Clang 14.0.6 WSL -fsanitize=thread -O2 -DNDEBUG (CMake RelWithDebInfo default)

complexityN ns/op op/s err% total Vector of uint64_t
1,000 27,600.31 36,231.48 0.1% 1.21 std::vector.push_back
100,000 2,756,755.84 362.75 0.1% 1.21 std::vector.push_back
10,000,000 275,798,601.00 3.63 0.1% 3.18 std::vector.push_back
1,000 35,054.95 28,526.64 0.0% 1.21 std::vector.push_back - noreserve
100,000 7,808,870.40 128.06 0.2% 1.18 std::vector.push_back - noreserve
10,000,000 888,449,152.00 1.13 1.1% 9.83 std::vector.push_back - noreserve
complexityN ns/op op/s err% total Vector of uint64_t*2
1,000 65,370.03 15,297.53 0.1% 1.16 std::vector.push_back
100,000 6,549,550.81 152.68 0.2% 1.14 std::vector.push_back
10,000,000 653,770,052.00 1.53 0.0% 7.47 std::vector.push_back
complexityN ns/op op/s err% total Vector of uint64_t*4
1,000 91,220.54 10,962.44 0.2% 1.19 std::vector.push_back
100,000 9,141,664.85 109.39 0.1% 1.23 std::vector.push_back
10,000,000 914,898,255.00 1.09 0.1% 10.89 std::vector.push_back
complexityN ns/op op/s err% total Vector of std::string
1,000 91,597.87 10,917.28 0.0% 1.19 std::vector.push_back
100,000 9,182,358.45 108.90 0.1% 1.23 std::vector.push_back
10,000,000 920,280,188.00 1.09 0.1% 10.69 std::vector.push_back

Summary

  • Release builds
    • vector<uint64_t> => +50% overhead
    • vector<uint64_t> - noreserve => ~10-25% overhead, depends on the growth strategy
    • vector<uint64_t*2> => 5% overhead
    • vector<uint64_t*4> => 3% overhead
    • vector<std::string of 1 char> => 5-7% overhead
    • clang Release -O3 (but not -O2 nor GCC -O3) seems to be the exception and shows a much bigger overhead (between +100% and +150%) for types other than std::string
      • It seems the guards defeat some kind of optimization here
      • Did not investigate why yet
  • Debug builds
    • In CMake Debug default configuration (MSVC /Od / clang without -Og)
      • Overhead is between 1% (std::string) and 30% (the rest)
      • The base overhead of the debug mode for std::vector is so bad anyway (especially for non-trivial types), that you might as well just go ahead and use the guards.
      • push_back_noguard was added to show the overhead of the implementation of the wrapper, which should not be here if you have your own vector implementation.
    • In debug optimized (clang -Og), results are globally the same as Release builds.

This seems to be a totally acceptable overhead in most cases given the chances it has to detect issues.
Any object containing the equivalent of two pointers will most likely see only a small decrease in performance for push_back.

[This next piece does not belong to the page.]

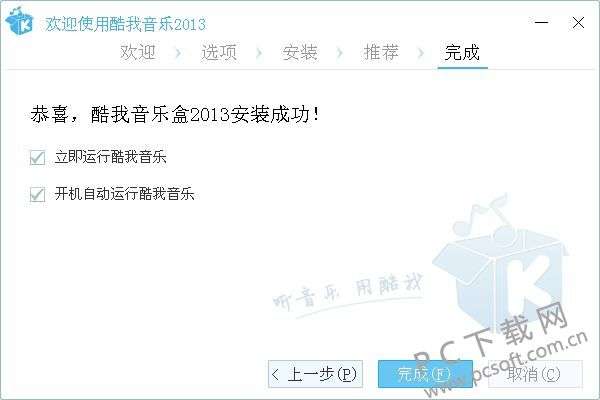 5、酷我音乐2013安装成功,如下图所示,用户已经在电脑上安装了这款软件,在界面中间还有两个选项,立即运行和开机自启,用户可以根据自己的需要选择勾选或者取消勾选,选择完成后点击右下角的完成就可以关闭安装界面打开酷我音乐2013开始使用了。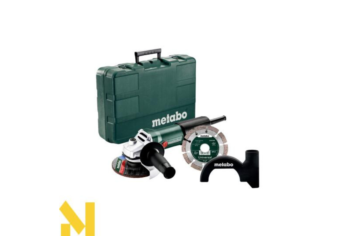 Болгарка Metabo WEV 850-125 Set - розширена комплектація, легкої 850 Вт болгарки з регулюванням обертів, до якої входить кожух CED 125 Clip, алмазний диск бетону та пластиковий кейс.

Compared to thread sanitizer, this is 5 to 30 times faster. Of course the detection level is way lower, but this is great as a smoketest since your code runs a lot during development.

On games for which we tested the guards, less than 2% of regression in frame duration was observed. Which makes sense, since you do not (rather, should not) spend most of your time doing operations on containers.

However, I would still recommend disabling the guards in production.